Always forward-looking when it comes to pain management, North Carolina State’s Lascelles is excited about the potential of a handful of analgesics in development.
“I think probably the most exciting developments are coming from the companies where they are developing very novel and new analgesics for use in veterinary medicine,” Lascelles said.
Nexvet is developing an injectable chronic pain reliever—NV-01 for dogs and NV-02 for cats—using an antibody that inhibits the activity of the nerve growth factor.
A study showed NV-01 to have “a statistically significant benefit over placebo, 28 days after a single subcutaneous injection” in dogs as assessed by owners using a validated pain scoring protocol, while NV-02 showed success in cats as well, according to the company.
“They found very positive efficacy,” Lascelles said. “You’re talking about weeks of pain relief for a single injection.”
Lascelles also sees promise for both dogs and cats in drugs being developed by Aratana Therapeutics. One is a daily oral medication for treating osteoarthritis pain in dogs. Dogs receiving the drug during a study showed improved pain-assessment scores that were “statistically significant” compared to a placebo, according to Aratana.
Aratana expects to commence commercialization upon Food and Drug Administration approval, which is anticipated in 2016.
The other development that has Lascelles stoked is an improved bupivacaine, which has a short duration of action.
Aratana also is developing a liposome-encapsulated bupivacaine that could be injected into a wound before it is closed during surgery, providing relief for three days, Lascelles said.
“The landscape is changing,” he said. “It’s getting really exciting, we are getting new tools and we will be able to better manage pain.”

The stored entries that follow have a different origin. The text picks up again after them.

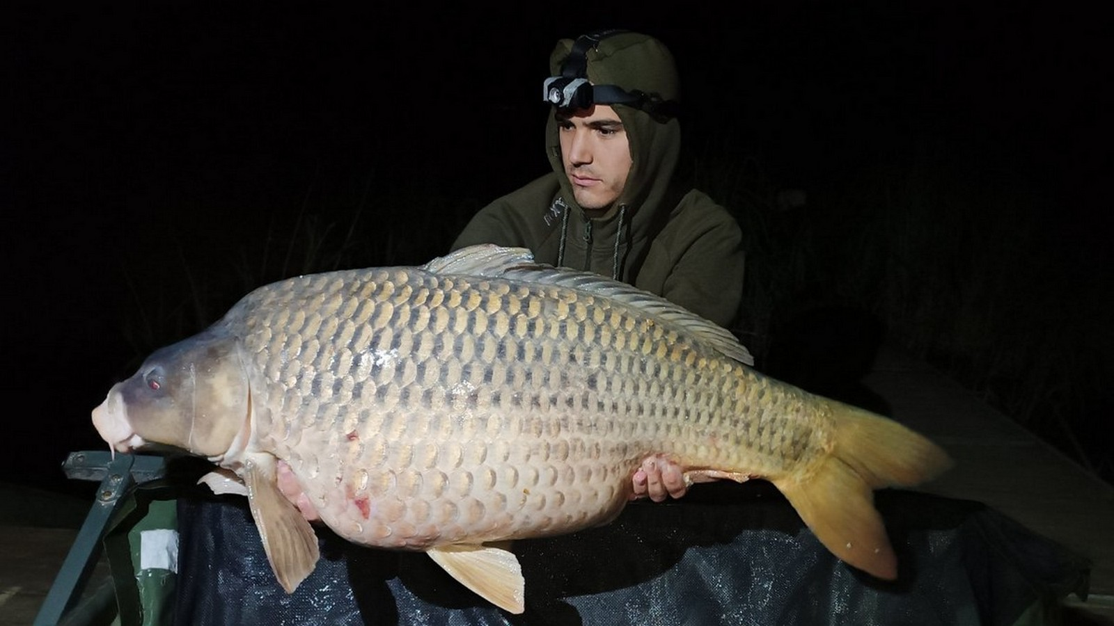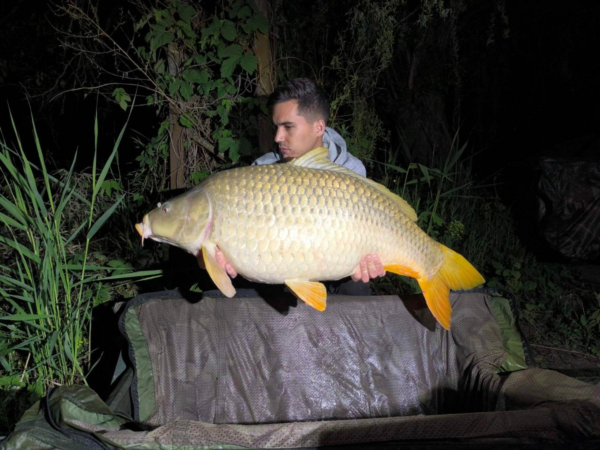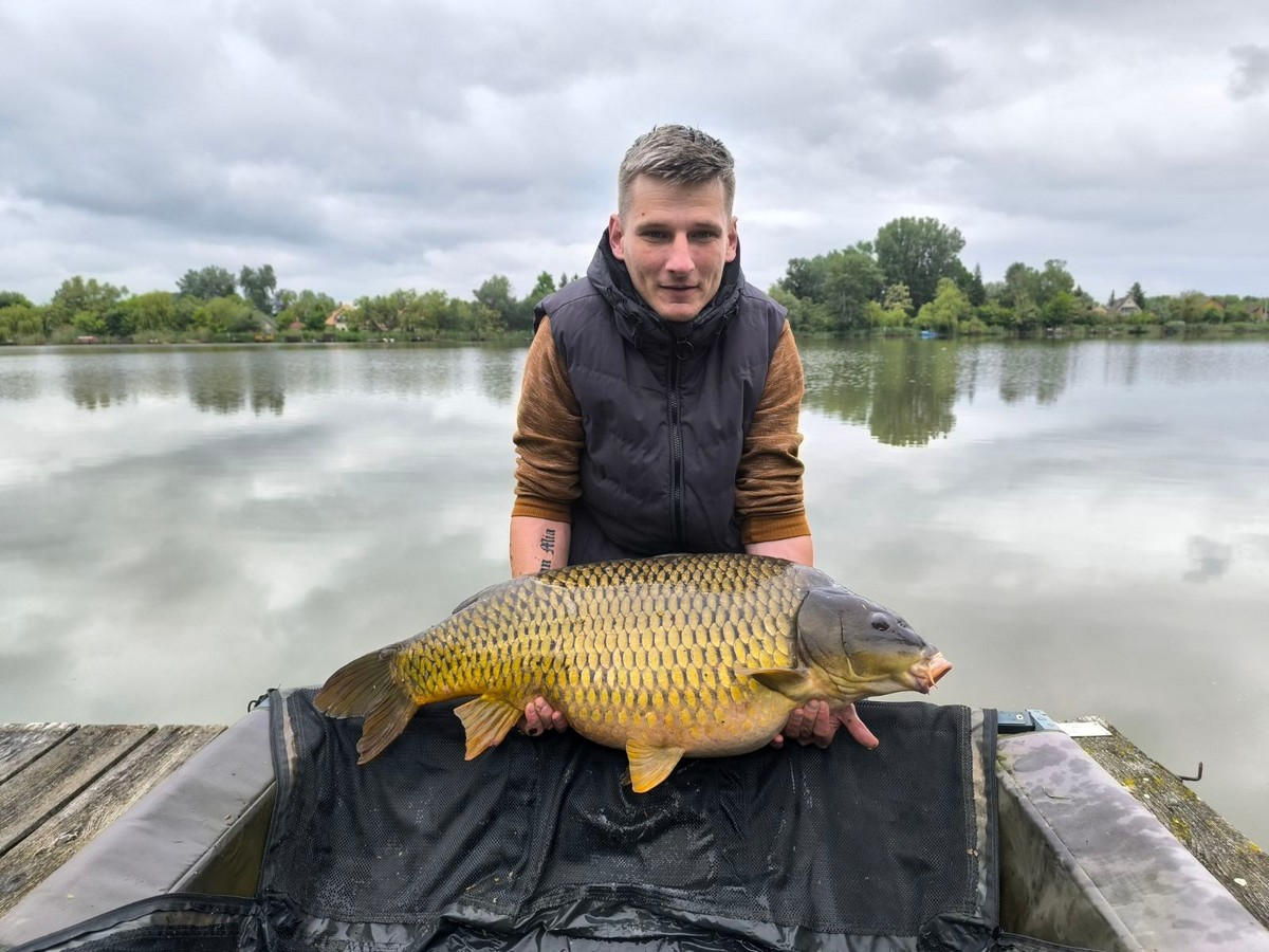 3,6 m-es 2,75 lbs bot, 0.35-ös monofil zsinór, 4-es horog. Tigrismogyoró csali és etetés. Borús idő, szélcsend, 15 perces fárasztás partról.
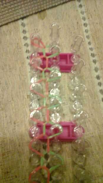 Hoy vamos a hacer un encanto fresa de bandas de telarPaso 1: posición del telarAsegúrese de que su telar es como se muestraPaso 2: colocar sus bandas verdes 1. Coloque las bandas verdes doble de la clavija central superior a la derecha2. Coloque las
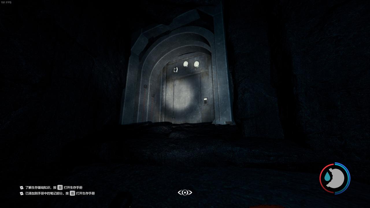 在进入并探索一段之后就可以找到实验室大门,此时需要门禁卡(白卡)进入,大门如下图。
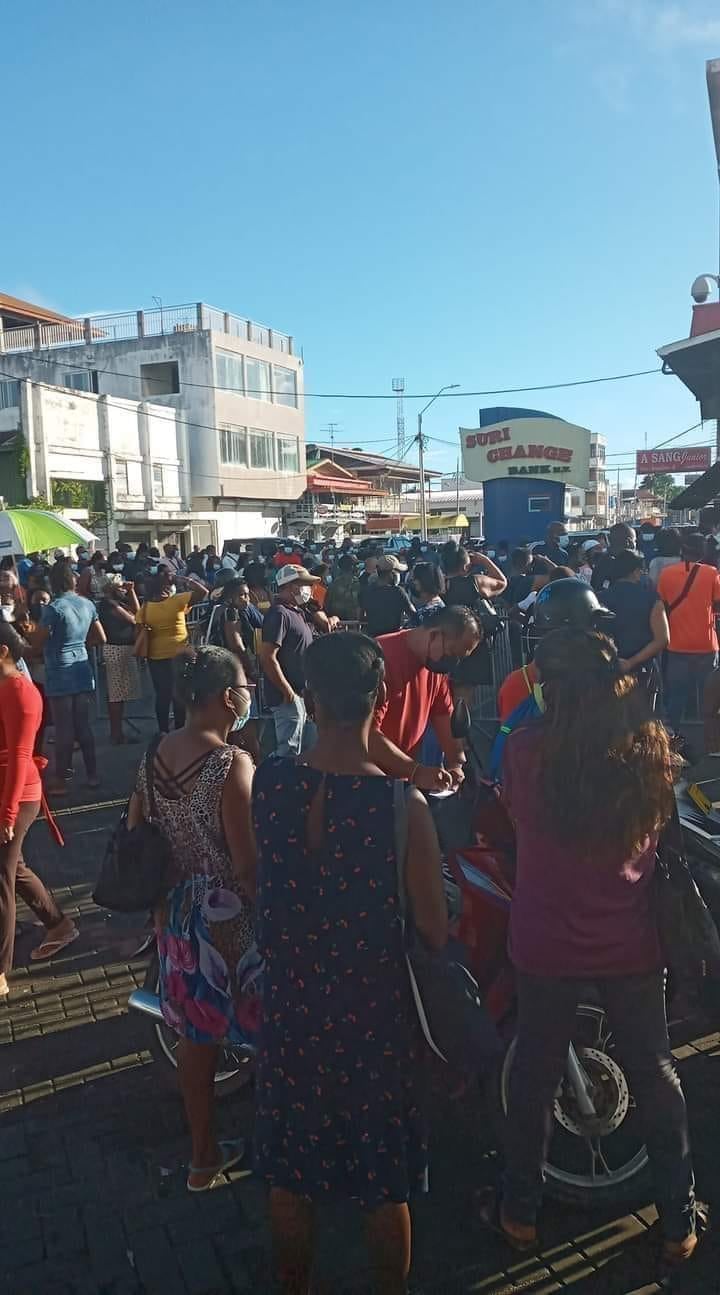 Vanwege de sterk verslechterde economische situatie in het land krijgen velen van familieleden in het buitenland valuta opgestuurd als ondersteuning in de sterk toegenomen kosten van vooral levensonderhoud. Het geld ontvangen ze bij de verschillende geldovermakingskantoren zoals Western Union en SuriChange. Vanwege de lockdown zijn de geldovermakingskantoren nu slechts drie dagen in de week open. Ook de openingstijden zijn nu sterk beperkt. De “normale” drukte van zes dagen in de week met dagelijkse openingstijden van 8 uur ’s morgens tot meestal 6 uur ‘s middags hoopt zich thans op tijdens de beperkte openingsdagen en openingstijden. Het gevolg is de chaotische drukte zoals deze dagen.
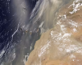 La imagen --captada el pasado 19 de julio-- fue tomada por uno los instrumentos del satélite 'Aqua', el Espectrómetro de Imágenes de Resolución Moderada (MODIS), y muestra al archipiélago y a gran parte del océano cubiertos por un velo de polvo de color canela.
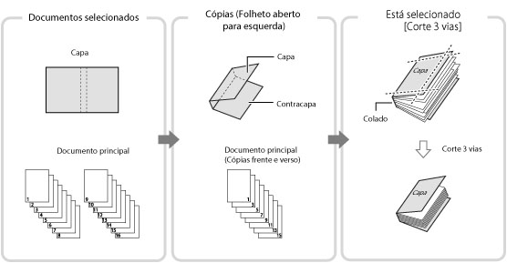 Especificar o formato de finalização | Corte de 3 vias | 364,0 mm até ao dobro do formato do documento principal + 30,5 mm (364,0 mm a 487,7 mm) | Largura do formato de finalização + 13,0 mm a 79,0 mm (257,0 mm a 330,2 mm) |
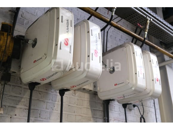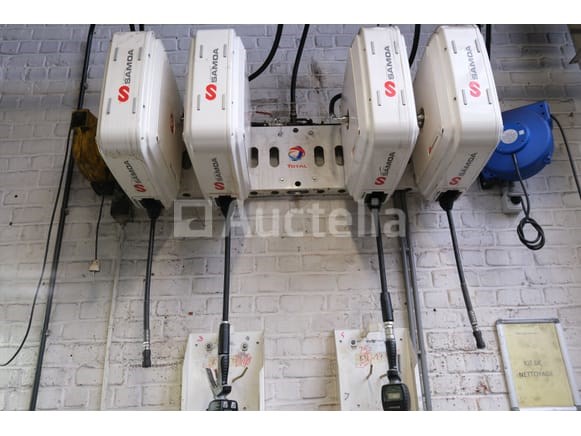 Set van 6 wandgemonteerde slangspoelen Merk: Samoa Spanning: 400V driefasig Capaciteit: 3200 kg Status: Functioneel op Inventarisatiedag Te worden op locatie afgebroken op een hoogte van +/- 300 cm 2x olie met doseerpistool 2 x perslucht 1 x verlengsnoer met handlamp 1 x verlengsnoer Opmerkingen: Aanbevolen bezoek
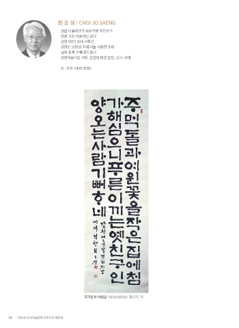 최 조 생 | CHOI JO SAENG 강원 미술대전 한국화부문 추천작가 강원 교원 미술대전 초대 강원 60인 초대 서화전 강원도 요령성 국제 미술 서화전 초대 님의 침묵 서예대전 초대 강원미술대전 서예, 문인화 대전 운영, 심사, 초대 M : 010-2456-8781 주먹돌과 여원꽃 130.0x35.0m 화선지, 먹 82 제56회 한국미술협회 원주지부 회원전
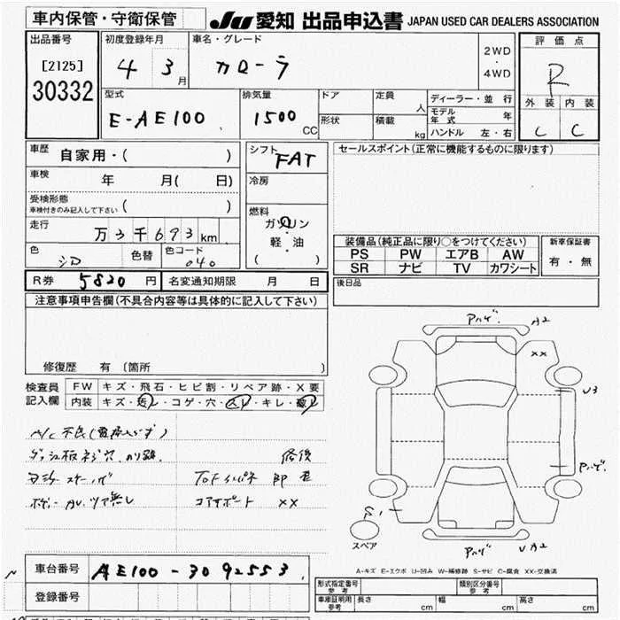 DX | E-AE100 | 5A-FE | FF | 3AT | 1498cc | 105ps(77kW)/6000rpm | AИ-92 | 1 041 000 | |
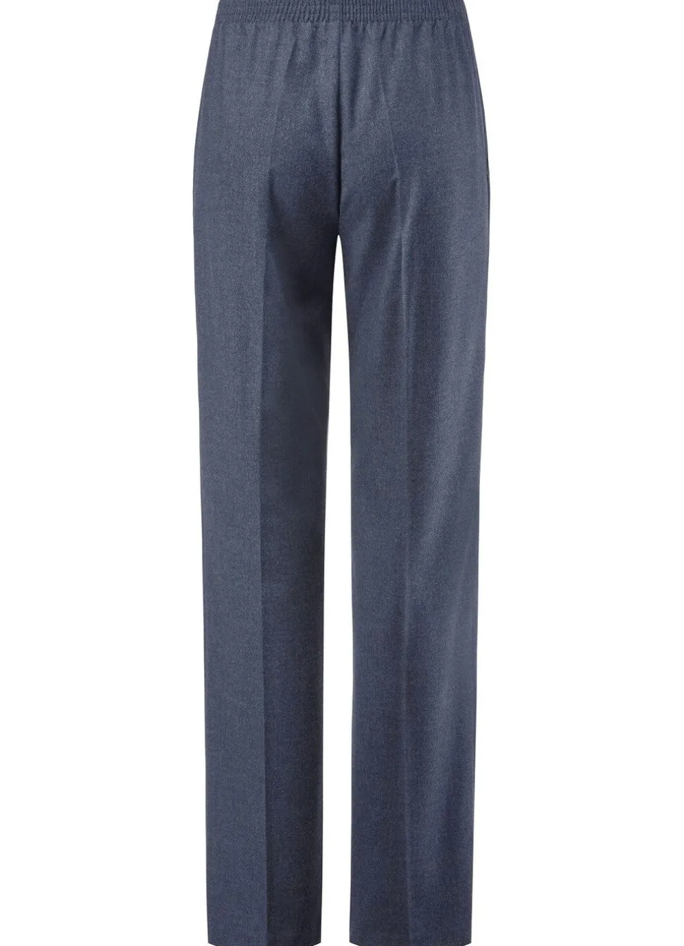 Trendgenau, hellgrau melierte Hose in modischer Weite von Stilschmiede: bequeme Schlupfform, rückwärtiger Dehnbundeinsatz, vordere, glatte Bundverarbeitung sowie Seitentaschen. Innenbeinlänge ca. 78 cm, Fußweite ab 42 cm.

To keep up with developments, veterinarians should seek out additional training to stay on top of managing pain in their patients, said AAHA’s Loenser.
“Continuing education abounds on this topic, including at AAHA’s yearly conference in Austin, Texas, at the end of March,” she said.
Continuing education can help practitioners faced with prescribing unfamiliar drugs or dealing with increased paperwork associated with controlled substances.
“Adding new services and equipment to your hospital can be equally as intimidating,” Loenser said. “However, looking at it from the flip side, my clients value minimizing suffering in their pets over almost anything else.
“If you can alleviate suffering in a pet, the gratitude both the pet and client will express to you, your staff and their friends will make your investment in time, medications and equipment more than worthwhile,” she added.
Boning up on the latest pain-management techniques and tools is a veterinarian’s moral obligation, Downing said.
“Every single patient who comes through the door will experience pain at various times during its life, much of it induced by us,” she said. “We have a moral imperative and ethical obligation to advocate on behalf of beings who cannot advocate for themselves, and that means preventing, identifying and treating pain in every single patient every single time they need us to intervene.”
She encouraged membership in the International Veterinary Academy of Pain Management because some practitioners “are simply not in touch” with the latest pain-management information, she said.
“There just is no excuse—with what we know and with the information that is readily available—for any animal patient to suffer needlessly from pain,” Downing said.